L’objectif est de l’architecture frugale est de créer des espaces répondant aux besoins premiers des occupants tout en minimisant les coûts, les déchets et l’impact environnemental.

Au cœur des enjeux des villes de demain, la problématique des ressources ( qui ne sont pas illimitées ) et celle des déchets composent le cercle vertueux de l’économie circulaire. L’économie circulaire est un modèle économique qui vise à passer d’une société du tout jetable, basé sur une économie linéaire ( extraire, fabriquer, consommer, jeter ) vers un modèle économique plus circulaire pour éviter l’épuisement des ressources de la planète. Autrement dit, il faut apprendre à consommer avec sobriété, améliorer la durabilité, limiter les gaspillages et faire de nos déchets de nouvelles ressources. Ces enjeux sont à la fois environnementaux, économiques et sociaux : Préservation des ressources naturelles, de notre environnement (biodiversité, climat), de notre santé, permettre le développement économique et industriel des territoires, réduire les déchets et le gaspillage ( loi antigaspillage ). En France, la transition vers une économie circulaire est reconnue officiellement comme l’un des objectifs de la transition énergétique et écologique et comme l’un des engagements du développement durable. Faire mieux avec moins, cela vaut aussi pour le bois. « Parce que nos forêts n’ont pas la capacité à livrer du bois de construction autant que nécessaire, pas plus que les autres forêts d’Europe qui ont besoin de temps pour se renouveler. Dans l’univers de la construction bois aussi, il faudra mettre en place un système de recyclage pour que les produits comme le CLT, les lamellés-collés, … puissent être réexploités ; pas simplement brûlés ou transformés en OSB » recommande Steven Ware dont le service de R&D de l’agence travaille à la question.

Vidéo : QUELS MATÉRIAUX POUR CONSTRUIRE DES BÂTIMENTS BAS-CARBONE ? © Demain la ville

Vers une architecture frugale Économe en énergie, en matériaux, en technicité, en territoire, l’architecture frugale fait de plus en plus d’adeptes. Si le béton reste incontournable, les promoteurs, donneurs d’ordre, architectes, urbanistes, …affichent une curiosité de plus en plus forte pour tous les matériaux biosourcés, avec le bois en tête de gondole, la paille, le béton de chanvre, le bambou, … et géosourcés, comme la terre crue et la pierre sèche.Mais audelà de cette construction neuve écoresponsable et saine, il faut aussi prendre conscience de l’impact " temporalité " sur la mise en place d’une ville plus respirable, aux bâtiments plus vertueux et bas carbone.
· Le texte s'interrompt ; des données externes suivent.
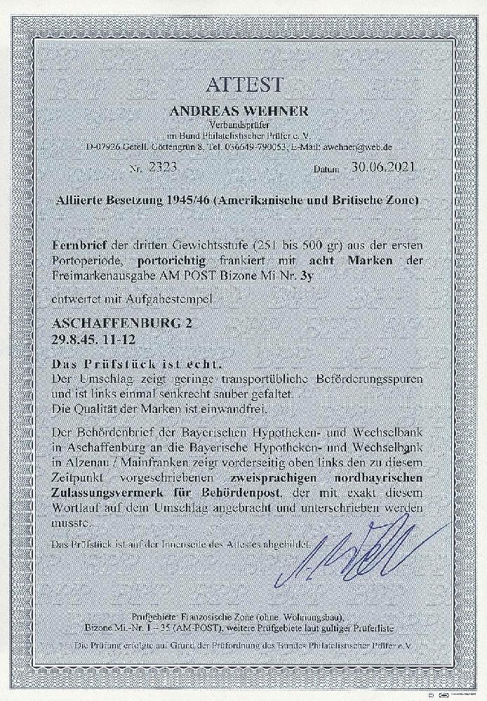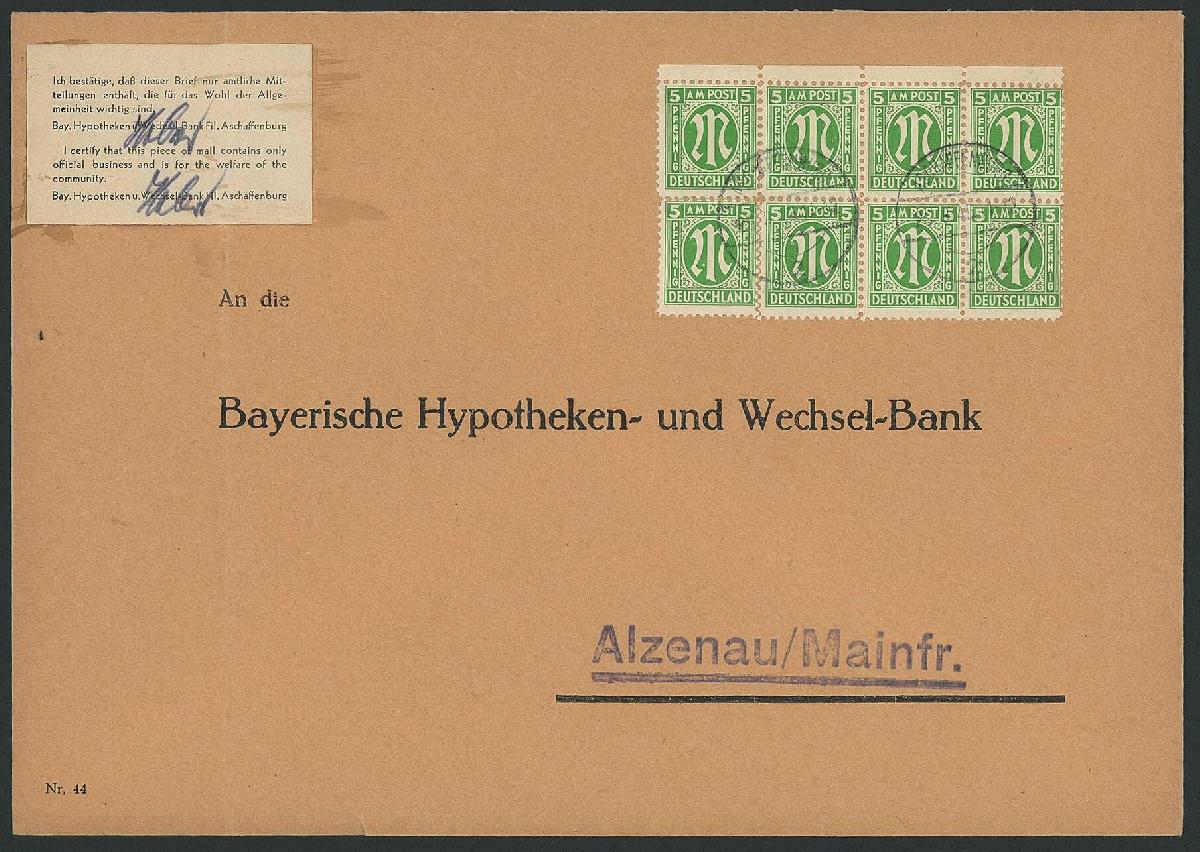 | Zusatzinformationen und Suchstichworte: | Ulrich Felzmann 175. Auktion Auktionstermin: 30. Juni 2022 Los 6269 Bizone 5 Pfg im waagerechten Achterblock als MeF auf Fernbrief der 3. Gewichtsstufe aus der ersten Portoperiode, portogerecht mit 40 Pfg frankiert auf vollständigem Umschlag mit senkrechter Faltspur und transportüblichen Beförderungsspuren ab ASCHAFFENBURG 29.8.45 mit zweisprachigem nordbayerischem Zulassungsvermerk für Behördenpost, Fotoattest Wehner BPP "... Die Qualität der Marken ist einwandfrei" Zuschlag 350,00 EUR |

Cinq ans, c’est, en moyenne, le temps nécessaire à la construction d’un immeuble. Pour un projet d’urbanisme, les délais sont de 15 ans, au mieux. Construire durable et frugal, c’est le nouveau credo des architectes.C’est arrêter de détruire et, même, savoir ne pas construire, mais régénérer, reconvertir, réhabiliter, rénover, même en conservant des structures en béton, ( reconnu pour son inertie thermique ) et transformer, agrandir, redonner vie grâce au bois, entre autres. C’est ce que nos villes réclament pour retrouver tout leur sens et leur respirabilité. Dans une société qui se voudrait moins consumériste, cette recherche de frugalité sous-entend aussi une proximité des matériaux de construction. Développer un urbanisme favorable à la santé ( air, bruit, présence de nature en ville, opportunités de déplacements actifs ), favoriser la sobriété énergétique, réduire les émissions de gaz à effet de serre, séquestrer le carbone, évoluer vers une économie circulaire, favoriser les espaces naturels et la biodiversité (rafraîchissement urbain, perméabilité de la ville, résilience alimentaire) y compris dans la reconquête des fonciers dégradés.Telles sont les nombreuses missions que se sont donnés les acteurs de l’architecture frugale, pour arriver à travers nos crises actuelles. Le chemin est long, mais les envies sont fortes.